Primeros músculos afectados: músculos oculares y faríngeos.
Expectativas de vida: normales, especialmente si el paciente es tratado adecuadamente.
Calidad de vida: en una fase tardía, la enfermedad también afecta los músculos de los hombros y las caderas; sin embargo, ahora están disponibles para tratamientos que pueden aliviar los síntomas incluso con un éxito razonable.
Distrofia muscular de Emery-Dreifuss
La distrofia muscular de Emery-Dreifuss se caracteriza por contracturas repetidas de los músculos ubicados cerca de las articulaciones principales del cuerpo. En particular, los sitios más afectados son los hombros, brazos, cuello, piernas y tobillos.
A medida que pasa el tiempo, el paciente está cada vez más preocupado al flexionar el cuello hacia delante, alzando los brazos por encima de la cabeza, levantando objetos, caminando o subiendo escaleras; Una vez que alcanza las etapas más avanzadas de la enfermedad, generalmente se ve obligado a sentarse en la silla de ruedas y comienza a sufrir problemas cardíacos. El corazón, de hecho, tiende a perder parte de sus funciones progresivamente, dando lugar a palpitaciones, arritmias cardíacas y episodios de desmayos.
En general, los trastornos cardíacos son tales que se requiere un implante de marcapasos para regularizar los latidos cardíacos.
En la mayoría de los casos, los pacientes mueren por insuficiencia cardiorrespiratoria, alrededor de la mediana edad.
Resumen de las principales características de la distrofia muscular de Emery-Dreifuss.
Subtipos y tipo de herencia: tres; un subtipo es un trastorno hereditario autosómico dominante; otra es una enfermedad hereditaria autosómica recesiva; Finalmente, el tercero es una enfermedad hereditaria vinculada al cromosoma sexual X.
Genes involucrados: EMD o LMNA.
Sexo más afectado: varía según el tipo de herencia.
Cuando surgen los primeros síntomas: durante la infancia o la adolescencia.
Primeros músculos afectados: los músculos voluntarios ubicados cerca de las articulaciones: hombros, brazos, cuello, piernas y tobillos. Es la causa de las contracciones recurrentes.
Expectativas de vida: la muerte usualmente ocurre en la mediana edad.
Calidad de vida: el paciente es obligado a la silla de ruedas porque no puede deambular. Incluso los movimientos más simples de los brazos son difíciles.
Principales causas de muerte: insuficiencia cardiorrespiratoria.

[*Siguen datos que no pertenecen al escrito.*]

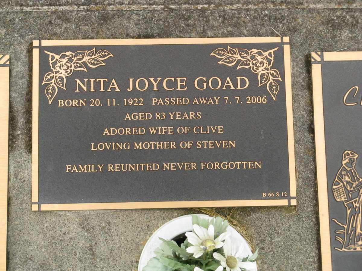photo | Goad | Nita Joyce | 1922 | 2006 | 83y | Bm66-12 | |
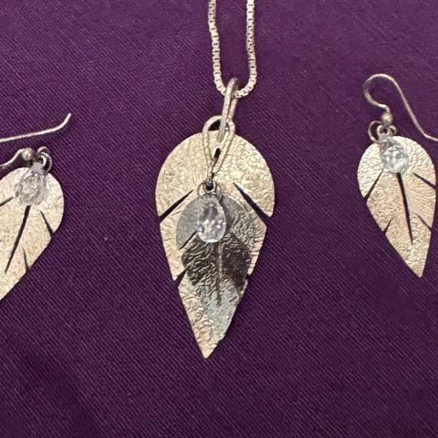 Selger et par øredobber i sølv fra Hasla. De heter Primeval Forest Silver Earrings. Utgått produkt. Har ikke original Hasla-eske, men en annen smykke-eske følger med.
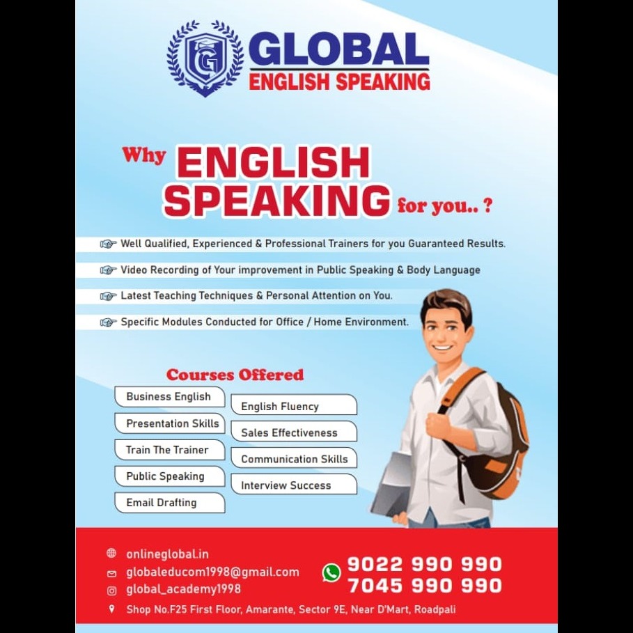 GLOBAL ENGLISH SPEAKING WHY IMPORTANCE ENGLISH LANGUAGE IN OUR LIFE English is vital in today's world due to its status as a global language, facilitating communication, education, and career advancement. It provides access to information, cultural enrichment, and international opportunities, contributing to personal and professional growth. Here's why English is so important: 1. Global Communication: English is the most widely spoken second language, acting as a bridge between different cultures. Proficiency in English allows for effective communication with people from diverse backgrounds, fostering international understanding and collaboration. 2. Access to Information: A vast amount of information, including scientific research, literature, and online resources, is available in English. Learning English enables individuals to access this wealth of knowledge and stay informed about various topics. 3. Career Advancement: In today's globalized job market, English proficiency is often a prerequisite for many positions. It enhances career prospects, allowing individuals to work with international clients, collaborate with global teams, and access better job opportunities. 4. Education and Higher Studies: English is the primary language of instruction in many educational institutions worldwide, particularly at the higher education level. Learning English opens doors to a wider range of academic opportunities and allows students to pursue their studies in prestigious institutions. 5. Cultural Enrichment: English provides access to a vast array of literature, films, music, and other cultural expressions from around the world. This exposure can broaden perspectives, enhance understanding of different cultures, and contribute to personal growth. 6. Traveling: English is widely spoken in many tourist destinations, making travel more convenient and enjoyable. It allows for easier communication with locals, navigation, and exploration of new places. 7. Digital Literacy: English is the dominant language of the internet and digital media. Proficiency in English is essential for navigating the digital world, accessing online resources, and participating in online communities. In essence, English is more than just a language; it's a tool for personal and professional success, a gateway to global opportunities, and a means of connecting with diverse cultures and ideas. ADMISSION OPEN HURRY UP CONTACT NO:7045990990/9022990990
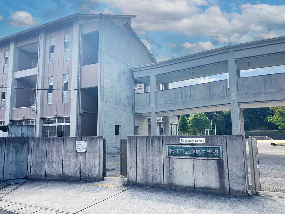 『松江市立鹿島中学校』は鹿島町名分にある中学校です。敷地の西方向に県道37号松江鹿島美保関線が通り、佐陀川が流れています。また東方向には県道264号講武古江線が通り、講武川が流れています。近隣には「鹿島武道館」が位置しています。1958年(昭和33年)に開校しました。学校教育目標として「『確かな学力』『豊かな人間性』『健やかな体』をもち 地域に根ざし、力強く未来を切り拓く生徒の育成」を掲げています。
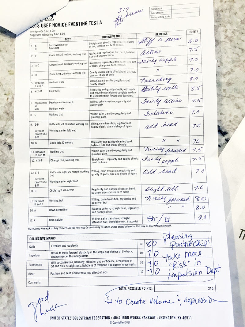 Now Jack is a spooky horse, but typically not a naughty one. And I don’t think he was being naughty per se, but he was also not listening- his brain was gone with the wind. So I spent the last couple minutes before my test on a horse that was bucking (and he never bucks), trotting sideways, bolting, jigging, and pretty much doing everything but relaxing. I did my best to hold it together in the ring, but I’ve included both my comments and the judge’s in the video below:
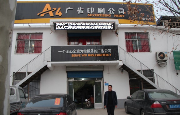 图为泰安市A4印刷有限公司总经理菅桦先生在公司大门口迎接客商。
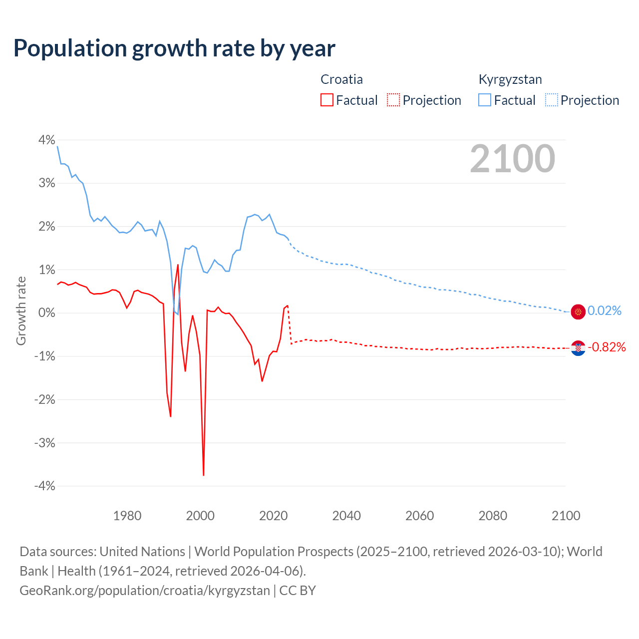 - For the last 10 years, Croatia has had an average growth rate of -0.82% per year vs +2.05% in Kyrgyzstan.

Distrofias musculares distales
Las distrofias musculares distales son un grupo de 8 distrofias musculares caracterizadas por un debilitamiento de los músculos ubicados en las extremidades de las extremidades, por lo tanto: manos, antebrazos, pies y pantorrillas.
Las siguientes enfermedades constituyen el grupo de distrofias musculares distales:
- La miopatía distal de Welander.
- Miopatía distal de Miyoshi
- Miopatía distal finlandesa (o tibial)
- Miopatía distal de Nonaka
- Miopatía distal de Gowers-Laing
- Miositis hereditaria de cuerpos tipo 1 incluidos.
- Miopatía distal con debilitamiento de las cuerdas vocales y músculos de la faringe.
- Zaspopatía (o miopatía distal asociada con el gen ZASP)
En general, la progresión de las distrofias distales es muy lenta: los primeros síntomas, por ejemplo, suelen aparecer entre los 40 y los 50 años.
La calidad de vida de los pacientes se ve parcialmente afectada, incluso si se debe recordar que, salvo excepciones, no mueren prematuramente.
Resumen de las principales características de las distrofias musculares distales.
Subtipos y tipo de herencia: ocho; algunos subtipos son enfermedades hereditarias autosómicas dominantes, otros son enfermedades hereditarias autosómicas recesivas.
Genes involucrados: DYSF y TIA1.
El sexo más afectado: datos desconocidos.
Cuando surgen los primeros síntomas: en la mediana edad, entre 40 y 50 años.
Primero músculos afectados: los músculos voluntarios ubicados en las extremidades de las extremidades superiores e inferiores, luego: manos, antebrazos, pies y pantorrillas.
Expectativas de vida: en general, la duración de la vida no se ve afectada.
Calidad de vida: está condicionada, ya que el paciente presenta varios déficits motores. Sin embargo, mucho depende del subtipo de distrofia muscular distal en su lugar.